Проза В. Распутина и Ф. Искандера:

ностальгический традиционализм vs неотвратимость перемен

Современность, взятая в ее информационно-технологической спецификации, утрачивает интерес к экзистенциально значимым для человека смыслам, лишенным прагматической ценности. Диалектическая игра «старого» и «нового» полна парадоксов, один из которых объявился в истории одноименных острова и деревни, насчитывающей в своей родословной три столетия: перемещение в поселковую, т. е. иную, жизнь коренных жителей Матеры, вдруг превратившейся в зону затопления.

Этот «рок событий» в повести В. Распутина «Прощание с Матерой» (1976) вызвал к жизни противостояние фундаментальных начал: традиции и перестройки, припоминания и новации, преемственности и разрыва, мемориализации и преобразования, памяти и «нарочитого забвения» (М. Бахтин) [4, с. 79]. Красота скорости, о которой говорили футуристы в ХХ в., затронула не только Матеру: «устремилась куда-то и человеческая жизнь. Пускай теперь ее догоняют другие. Но и они не догонят».

Слишком очевидной становилась опасность размывания ментально-сти и того, что сегодня мы назвали бы культурной амнезией: «подхватило всех их и несет, несет куда-то, не давая оглянуться. своим шагом мало кто ходит», а «деревня стояла сирая, оголенная, глухая, тоже готовая к отъезду;

голоса чужих людей звучали в ней как в бочке, а собственные где-то терялись, пропадали».

Разрушение связи времен и поколений, вполне постмодернистское по духу, синонимически совпадает с тягостной мыслью о грядущей душевной бездомности, имитирующей домашний уют, роковой беспочвенности и чувстве сиротства без Матеры и без потребности друг в друге: «совсем закаменел человек?.. встретился, побыл, поговорил, поиграл в родство и разошелся — каждому своя дорога». А все от того, что «люди забыли, что каждый из них не один, потеряли друг друга. не было сейчас друг в друге надобности».

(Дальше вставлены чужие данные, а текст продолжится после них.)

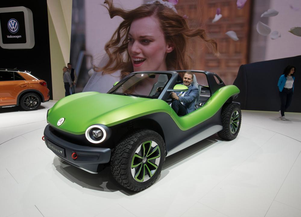 這是2019年3月6日在瑞士日內(nèi)瓦國(guó)際車(chē)展上拍攝的大眾汽車(chē)公司的全地形電動(dòng)概念車(chē)ID.BUGGY。新華社記者徐金泉攝

Санитарная обработка кладбища, варварская в своем разрушительном обращении с местами захоронения, наглядно символизирует слом устоявшегося мироустройства. Выбор аффективных глагольных форм задает предельно выразительную силу сопротивления обстоятельствам: «Дарья взвыла. — А ты их тут хоронил? Отец, мать у тебя тут лежат?.. Ты отсель так не уйдешь. Ты ответишь. Ты перед всем миром ответишь. — Да отцепись ты, бабка! — взревел мужик».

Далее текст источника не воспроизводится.